Подавали куропаток, подстреленных утром в собственном лесу.
Охотилась, естественно, не Мадлен, для этого в штате прислуги был специальный человек. Среди сопутствующих блюд я запомнила пюре из шпината и лук-порей. Должно быть, то и другое – очень полезно для здоровья.
Яблочный пирог принесла подруга по имени Франсуаза. У нее синие глаза с желтой серединой, как цветок фиалки. Она работает акушеркой в родильном доме, очень веселая, круглолицая и все время ждет, что ей скажут: «Ой, какие у вас интересные глаза». И ей все говорят.
Я думала, что миллионерши дружат только с миллионершами, а оказывается, они дружат с кем хотят.
Шарль говорил больше всех, я ничего у него не понимала. Я даже не могла установить темы его монолога. И это странно. У Мориса я понимала все, а у Шарля – ни слова. Значит, наши силовые линии шли в разных направлениях.
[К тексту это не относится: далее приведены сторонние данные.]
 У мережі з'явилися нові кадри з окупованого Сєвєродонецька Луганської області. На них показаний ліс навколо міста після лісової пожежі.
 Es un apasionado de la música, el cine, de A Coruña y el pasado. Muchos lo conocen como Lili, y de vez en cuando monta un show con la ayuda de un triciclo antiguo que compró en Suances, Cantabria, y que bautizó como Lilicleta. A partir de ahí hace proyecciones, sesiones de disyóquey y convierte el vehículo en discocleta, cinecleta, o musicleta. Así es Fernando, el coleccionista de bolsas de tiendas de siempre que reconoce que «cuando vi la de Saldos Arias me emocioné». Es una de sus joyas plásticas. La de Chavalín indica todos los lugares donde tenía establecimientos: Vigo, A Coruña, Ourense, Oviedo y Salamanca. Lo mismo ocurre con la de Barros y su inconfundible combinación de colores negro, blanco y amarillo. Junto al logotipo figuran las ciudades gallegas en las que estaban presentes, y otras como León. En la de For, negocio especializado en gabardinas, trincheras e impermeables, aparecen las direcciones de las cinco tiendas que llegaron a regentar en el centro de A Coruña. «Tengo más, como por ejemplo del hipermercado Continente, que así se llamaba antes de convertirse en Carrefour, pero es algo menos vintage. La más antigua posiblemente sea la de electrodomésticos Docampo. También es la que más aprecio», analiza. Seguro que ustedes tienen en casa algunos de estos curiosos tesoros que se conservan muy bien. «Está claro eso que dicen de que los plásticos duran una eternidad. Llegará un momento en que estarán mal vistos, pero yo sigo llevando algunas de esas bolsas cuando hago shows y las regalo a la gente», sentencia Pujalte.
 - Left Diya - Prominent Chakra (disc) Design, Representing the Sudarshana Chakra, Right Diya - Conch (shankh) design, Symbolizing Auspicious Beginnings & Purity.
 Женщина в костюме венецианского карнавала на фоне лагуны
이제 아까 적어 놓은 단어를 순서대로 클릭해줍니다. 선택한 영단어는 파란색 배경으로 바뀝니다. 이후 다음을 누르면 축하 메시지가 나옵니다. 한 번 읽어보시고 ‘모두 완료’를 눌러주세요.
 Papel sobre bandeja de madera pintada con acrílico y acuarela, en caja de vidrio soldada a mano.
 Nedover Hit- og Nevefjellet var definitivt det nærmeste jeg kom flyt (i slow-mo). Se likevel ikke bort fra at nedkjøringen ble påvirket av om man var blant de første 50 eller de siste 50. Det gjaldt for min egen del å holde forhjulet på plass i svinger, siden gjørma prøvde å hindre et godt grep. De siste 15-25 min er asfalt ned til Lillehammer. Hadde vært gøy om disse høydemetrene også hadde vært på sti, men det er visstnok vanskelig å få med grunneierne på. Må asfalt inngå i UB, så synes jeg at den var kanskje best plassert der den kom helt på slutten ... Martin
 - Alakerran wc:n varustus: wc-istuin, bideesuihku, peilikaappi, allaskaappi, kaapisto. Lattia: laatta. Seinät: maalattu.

Это был не мой человек.
Франсуаза хихикала, но присутствия или отсутствия ума я не заметила. Франсуаза одинаково могла оказаться и умной, и дурой. Такая внешность может обслуживать и первое, и второе.
Морис и Мадлен не смотрели друг на друга и не общались. Я догадалась: Морис не скрывает своей любви к Этиопе и не хочет притворяться. У Мадлен в этой связи есть две возможности: принять все как есть и смириться, сохранив статус жены миллионера. И делать вид, что ничего не происходит. И второе: бунтовать, протестовать, выяснять отношения, драться за свое счастье до крови.
Мадлен выбрала третье: покинула общую территорию, уехала на дачу и тихо возненавидела.
За обедом она иногда вскидывала свои ненавидящие глаза, бросала фразу, должно быть, хамскую. Морис также коротко огрызался. Не чувствовал себя виноватым. Он – хозяин своей жизни. И его чувства – это его чувства.
После пирога все подошли к камину. Камин был выложен из какого-то дикого камня, как будто высечен из горы.
Возле камина – маленькая дверь в стене, как в каморке у папы Карло. Морис открыл эту дверь, и я увидела высокий кованый стеллаж, на котором были сложены березовые поленья. Поленья сложены не как попало, а рисунком. Кто-то их выкладывал. Наверное, для этого существовал специальный человек.
Я посмотрела на аккуратные чурочки, и у меня потекли слезы.
В это время Морис перенес дрова в камин и поджег. Пламя быстро и рьяно охватило поленницу. Значит, дрова были сухие.
Я смотрела на огонь. Слезы текли независимо от меня. Может быть, мне стало жалко чемодана? А может быть, я оплакивала свою жизнь – жизнь Золушки, не попавшей на бал. Морис и Мадлен ругаются, выясняются, а за стеной, выложенные буквой «М», лежат и сохнут березовые чурки. Они даже пропадают на фоне бескрайней территории, бирюзового бассейна и кремовых роз. И пюре из шпината.